Получалось, что она погибла именно тогда, когда у него, Шаунбурга, чуть не случился инфаркт. Однако "чуть" и "едва" — суть фигуры речи и ничего больше. Инфаркта не случилось, Баст был жив и пребывал в отменном здравии, а Кейт умерла, и ее больше не было. Как такое могло произойти? Казалось, что большей нелепицы и измыслить невозможно. Кейт не могла умереть, она не могла оставить его здесь в одиночестве, она…

От ужаса и горя у Баста потемнело в глазах, и когда полковник Фернандес наткнулся на него — вполне случайно — тремя часами позже, фон Шаунбург сидел во дворе под деревом, в темном неосвещенном углу. Сидел он прямо на холодной земле, откинувшись спиной на узловатый ствол оливы, и сжимал в руках скомканную газету. В уголке его плотно сжатого рта — прилипнув, забытая за ненадобностью, — осталась измочаленная и погасшая сигарета. Во всяком случае, именно такую картинку он теперь видел при попытках "оглянуться назад". А тогда…

Полковник — человек опытный. Кроме того, разведчик и испанский дворянин. Он ничего не спросил, и никак не выразил своего отношения к увиденному. Он только поприветствовал Баста вполголоса, а потом подхватил под руку, поднял с земли, и, освободив по дороге от прилипшего к губе окурка, увел в ближайший к территории штаба трактир — уютное заведение в полуподвале, со сводчатым низким потолком, обставленное темной грубо сколоченной мебелью. Там он усадил фон Шаунбурга за стол, устроился напротив и, сделав заказ, завел неторопливый разговор о жизни, смерти и любви. Он рассказывал о родной Андалусии, об апельсиновых садах и бродящей в крови южан страсти, о роковых женщинах и бесстрашных тореадорах, о давней славе и древней чести. Через три чашки крепкого, как динамит, горячего, как лава, и горького, как слезы, кофе и после бутылки пятидесятиградусной орухо, Баст смог, наконец, рассказать Фернандесу о том, что — смерть и ад! — произошло в этом гребаном мире, и кем была для него эта погибшая женщина.
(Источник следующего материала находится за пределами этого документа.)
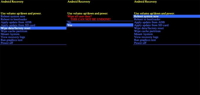 5-选择是的当要求擦除所有用户数据时,使用音量按钮和电源按钮。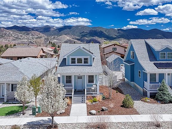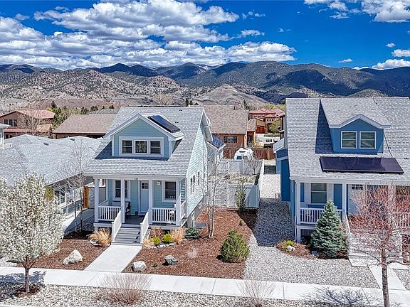 This home is 100% electric! This means there are no expensive gas bills. And because the home has solar power the electric bills average $6/month. This cute Cape Cod style home has 3 bedrooms, 2 1/2 baths is situated in the Crestone Mesa Subdivision. Located near the Salida Golf Course and has beautiful and big mountain views of the Fourteeners and is only a short walk or bike ride to downtown Salida. Start your day with a cup of coffee on this perfect cozy front porch. Large fenced backyard leads to an oversized one car garage and additional parking off the alley. This home has a thoughtful floor plan. Enter on the main level to the living, dining, kitchen and 1/2 bathroom. Upstairs, 2 bedrooms with vaulted ceilings and a full bath. The primary bedroom, bathroom and laundry in the basement. New radon system installed. Home has a water softener and house filter. In addition there is a reverse osmosis water filter at the kitchen sink. Seller tries to use only non-toxic cleaning products in the home. The home faces west towards the Collegiate Peaks. At the center of the neighborhood is a City maintained park which includes a community garden, gazebo for gatherings, and grass and play equipment. Located just a short walk or bike ride to downtown Salida to restaurants and shopping. Easy access to Frantz Lake, the Arkansas River and to nearby trails.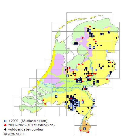 Het voor waarnemingsinspanning gecorrigeerde, of door een expert geschatte aantal atlasblokken (5x5 km) waarin de soort voorkomt per periode van tien jaar. Soms fluctueert het aantal sterk. Hoe vloeiender de lijn, des te betrouwbaarder de grafiek. Bron: Rode Lijst Mossen 2010. © BLWG 2011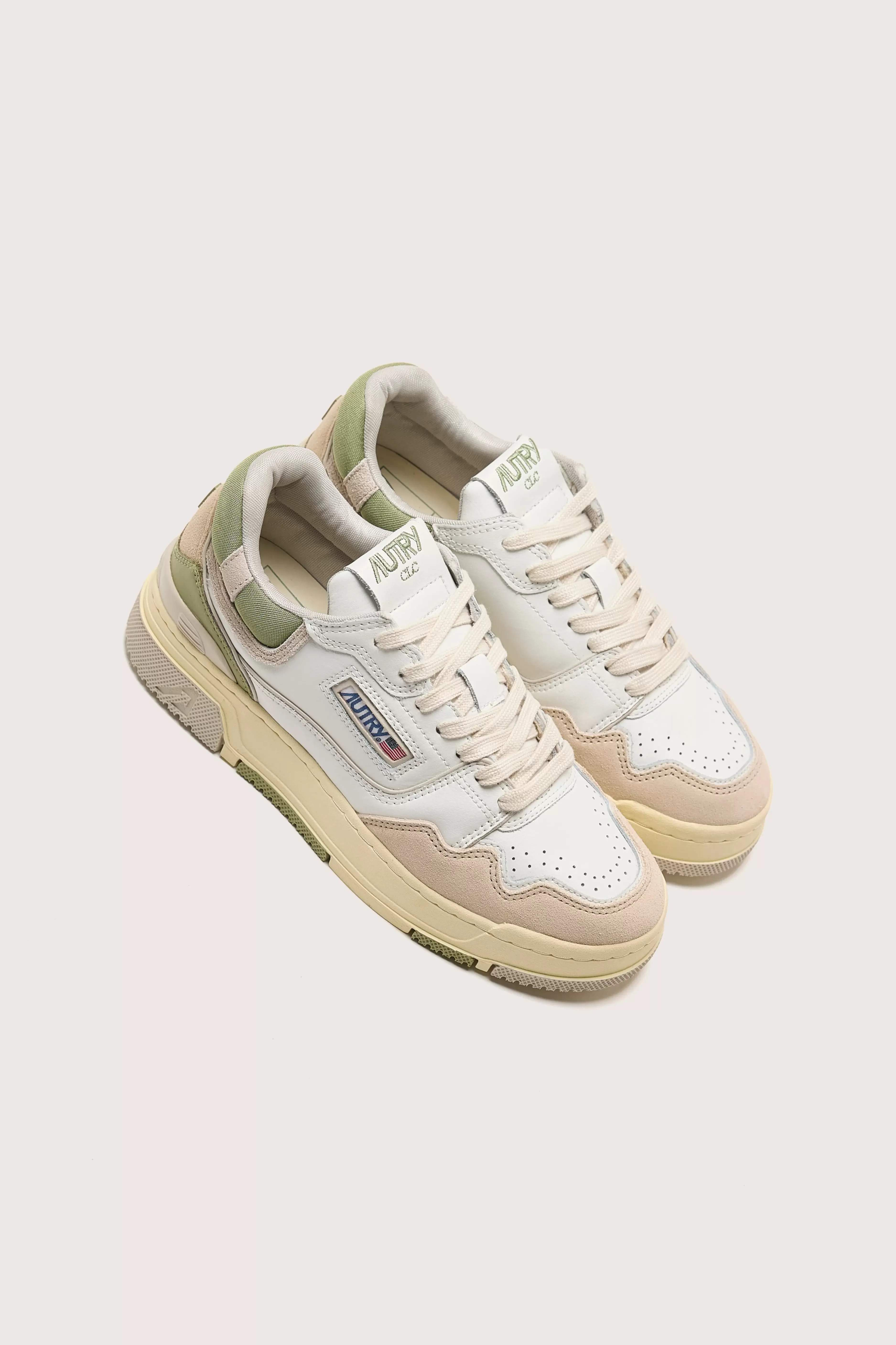 De Autry CLC Low zijn op basketbal geïnspireerde sneakers met een lederen en suède bovenwerk, een gewatteerde kraag van mesh en een verhoogde rubberen zool.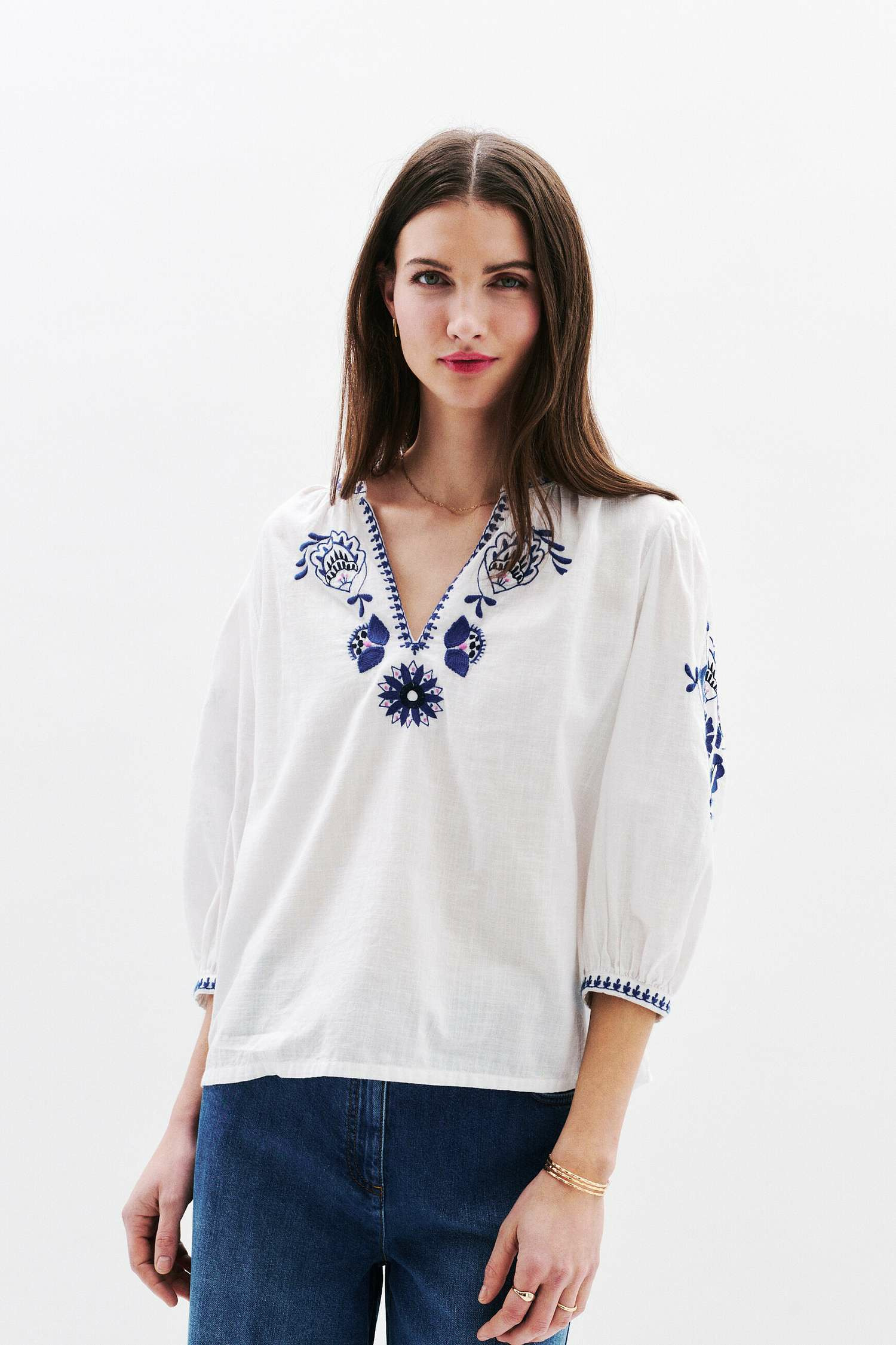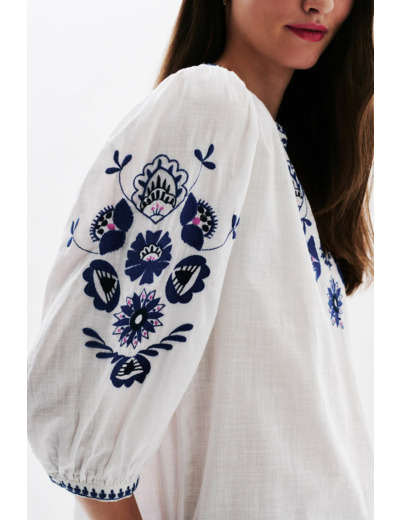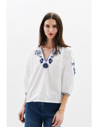 Tissu principal 100% coton, broderie 100% polyester. Col tunisien, manches trois-quarts, découpe carrure dos froncée. Longueur 60 cm en taille 38. Lavage conseillé à 30°C avec action réduite pour préserver la qualité des broderies.
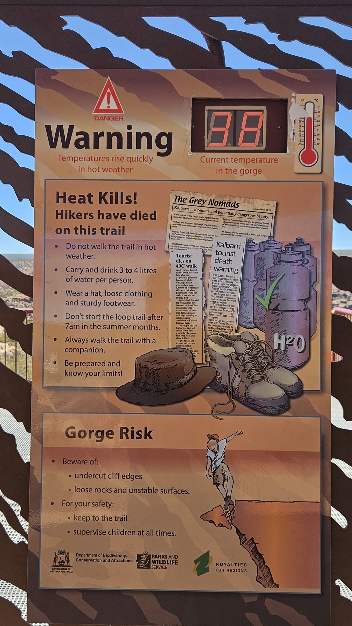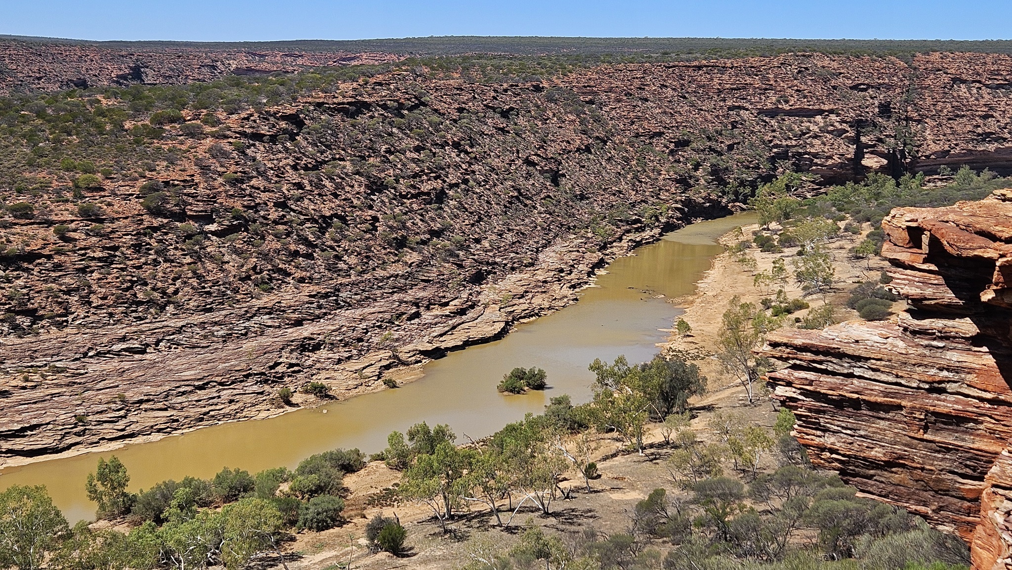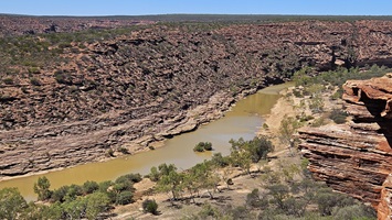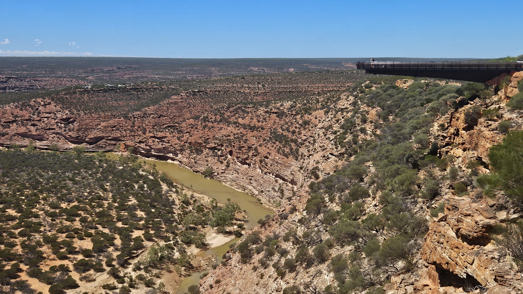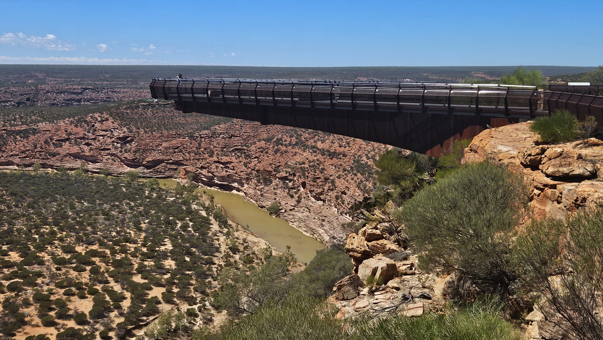 Die Highlights sind, Kalbarri Skywalk, zwei große Aussichtsplattformen, Nature's Window und der Z Bend.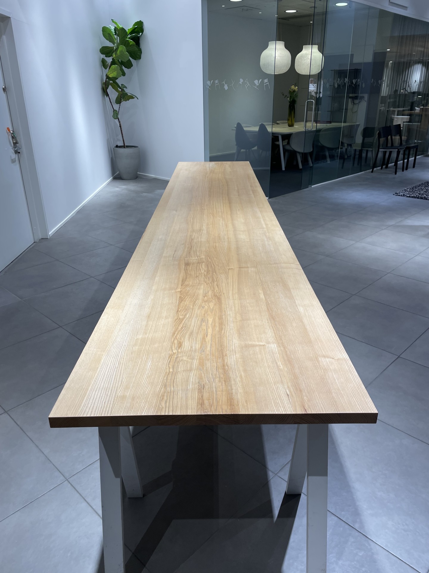 Bordplade i træ (birk). Understel i træ.

— Жизнь жестока, — резюмировал Фернандес, разливая водку в стаканчики зеленоватого стекла. — Война — чудовище, пожирающее лучших из нас, а наши женщины — это все, что у нас есть, кроме чести и родины.

— Горюйте, Себастиан, — добавил он мгновение спустя. — Меня можете не стесняться, я сам такой…

Что имел в виду полковник? Иди знай, но не спрашивать же, в самом деле? Баст и не спросил.

"Зачем?"

Ему было очень плохо, но станет ли лучше, если выяснится, что и Фернандес пережил в своей жизни подобную трагедию?

"Вряд ли…"

Но, разумеется, Баст был искренне благодарен полковнику, поддержавшему его в трудную минуту.

"Надо же… Люди разные, а действуют на сходный манер".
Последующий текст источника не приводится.